- PROBLEM DESCRIPTION
The pictures are to be omitted when the entries are reproduced exactly.

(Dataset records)

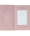 The floral detail continues on the spine and the back cover. The title and translation name are also framed on the spine. Topstitching along the edges ensures lasting durability. Thumb indexing lets you flip easily between books, and the pink satin ribbon marker helps you keep your place. Gold gilt-edged pages catch the light with every turn and echo the timeless beauty of Scripture.
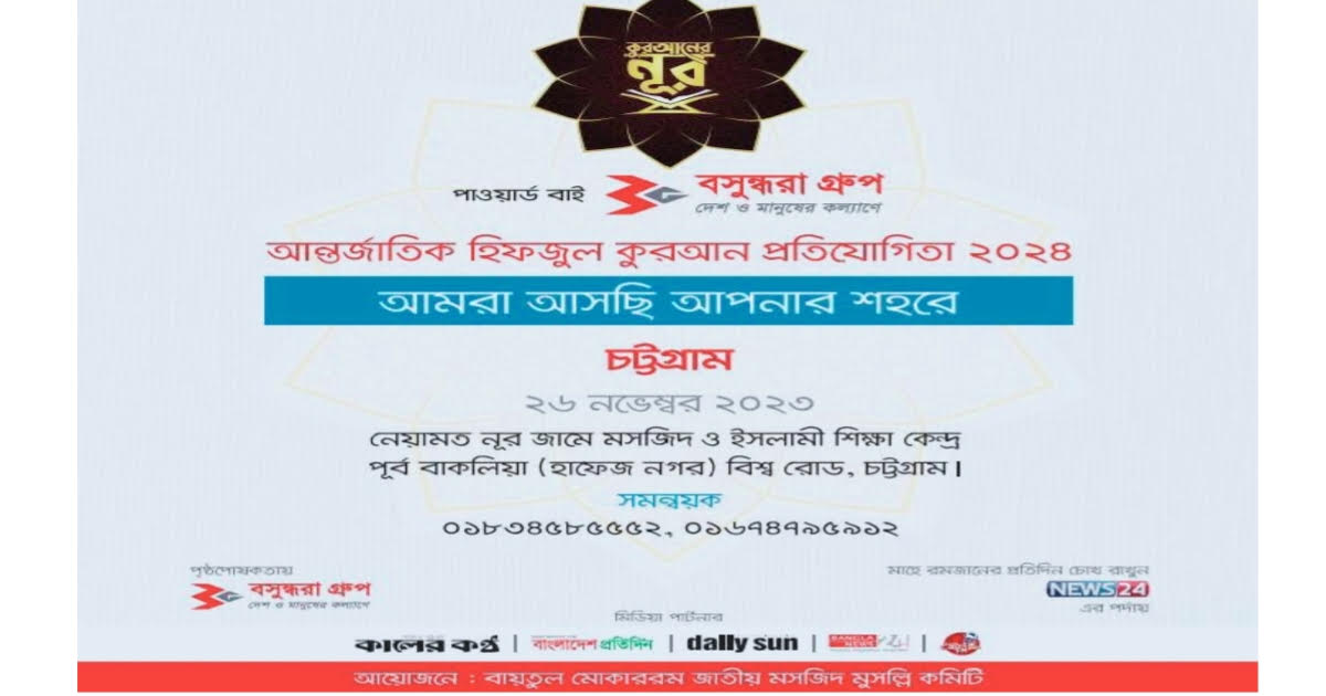 আন্তর্জাতিক হিফজুল কুরআন বিষয়ক মেগা রিয়েলিটি শো ‘কুরআনের নূর পাওয়ার্ড বাই বসুন্ধরা গ্রুপ’-২০২৪ প্রতিযোগিতার চট্টগ্রাম বিভাগের অডিশন রাউন্ড আগামী নভেম্বর
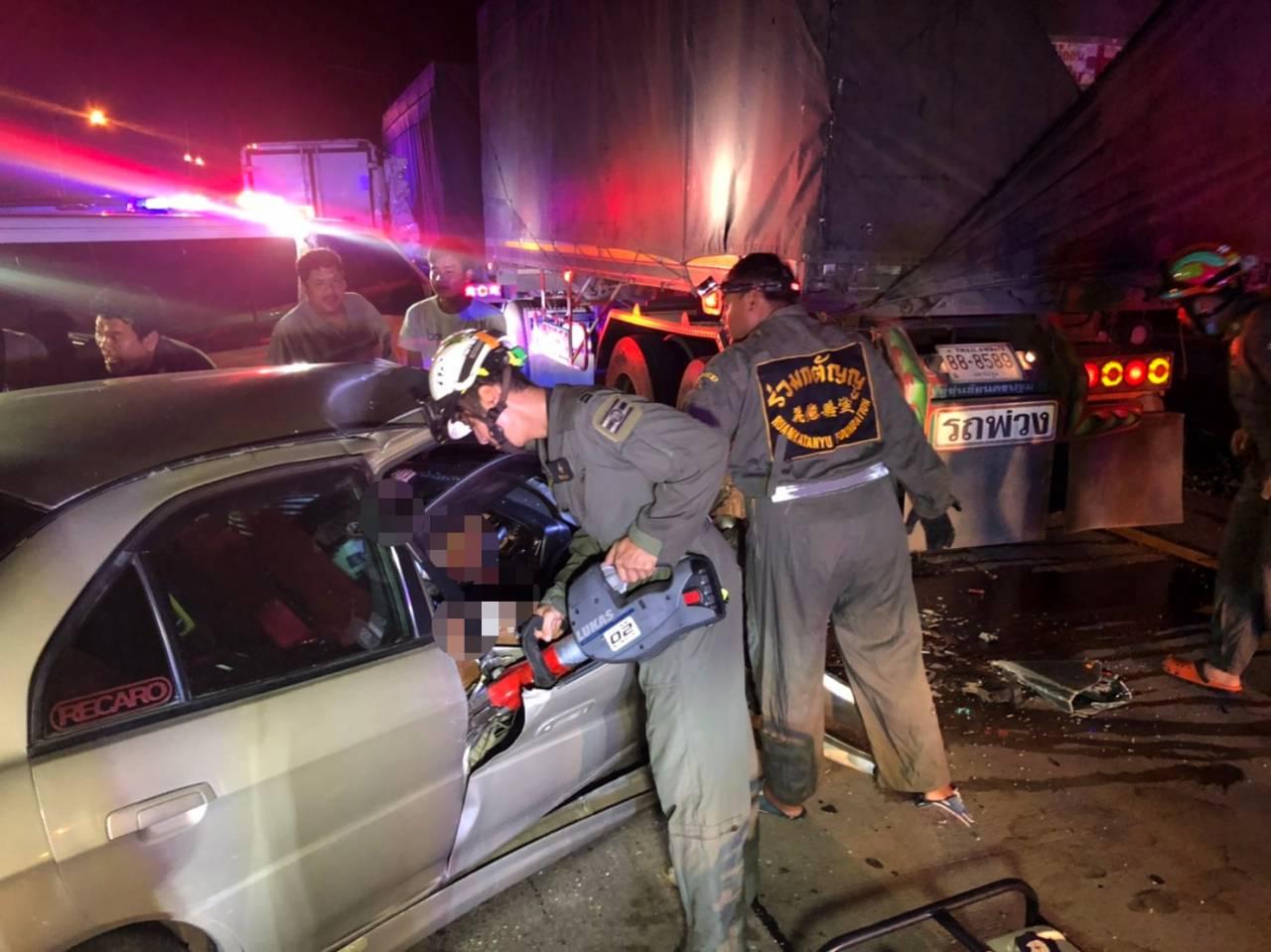 กู้ภัยนนทบุรีช่วย 3 ชีวิตเจ็บสาหัส ติดคาซากรถเก๋งหลังพุ่งอัดท้ายรถบรรทุกพ่วงจอดยางแตกอยู่เลนขวาสุด บนทางหลวงบางบัวทอง-บางปะอิน พื้นที่ อ.บางบัวทอง ตามหลังกระบะที่หลบไม่พ้นชนไปก่อนหน้ารถเก๋ง
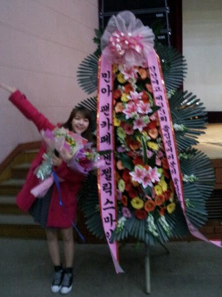 특히 민아는 졸업식장에서 촬영한 사진을 남겨 눈길을 끌었다. 팬들이 보낸 화환 앞에서 밝게 웃고 있는 모습이었다.
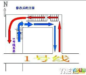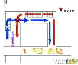 為了讓大家能對這一問題有直觀的認識,“cjg9527s”制作了兩張圖發(fā)在網(wǎng)上。第一張圖是目前東單地鐵站換乘通道的設(shè)計圖,另外一張則是他修改之后的東單地鐵站換乘通道的通行圖。第一張圖上可以清晰地看到,由于從1號線通往5號線的兩部電梯和從5號線通往1號線的扶梯設(shè)置在靠墻的同一側(cè),所以兩股換乘人流勢必會在5號線進站口附近交叉。

- RESPONSE TO THE TASK
 The floral detail continues on the spine and the back cover. The title and translation name are also framed on the spine. Topstitching along the edges ensures lasting durability. Thumb indexing lets you flip easily between books, and the pink satin ribbon marker helps you keep your place. Gold gilt-edged pages catch the light with every turn and echo the timeless beauty of Scripture.
 আন্তর্জাতিক হিফজুল কুরআন বিষয়ক মেগা রিয়েলিটি শো ‘কুরআনের নূর পাওয়ার্ড বাই বসুন্ধরা গ্রুপ’-২০২৪ প্রতিযোগিতার চট্টগ্রাম বিভাগের অডিশন রাউন্ড আগামী নভেম্বর
 กู้ภัยนนทบุรีช่วย 3 ชีวิตเจ็บสาหัส ติดคาซากรถเก๋งหลังพุ่งอัดท้ายรถบรรทุกพ่วงจอดยางแตกอยู่เลนขวาสุด บนทางหลวงบางบัวทอง-บางปะอิน พื้นที่ อ.บางบัวทอง ตามหลังกระบะที่หลบไม่พ้นชนไปก่อนหน้ารถเก๋ง
 특히 민아는 졸업식장에서 촬영한 사진을 남겨 눈길을 끌었다. 팬들이 보낸 화환 앞에서 밝게 웃고 있는 모습이었다.
 為了讓大家能對這一問題有直觀的認識,“cjg9527s”制作了兩張圖發(fā)在網(wǎng)上。第一張圖是目前東單地鐵站換乘通道的設(shè)計圖,另外一張則是他修改之后的東單地鐵站換乘通道的通行圖。第一張圖上可以清晰地看到,由于從1號線通往5號線的兩部電梯和從5號線通往1號線的扶梯設(shè)置在靠墻的同一側(cè),所以兩股換乘人流勢必會在5號線進站口附近交叉。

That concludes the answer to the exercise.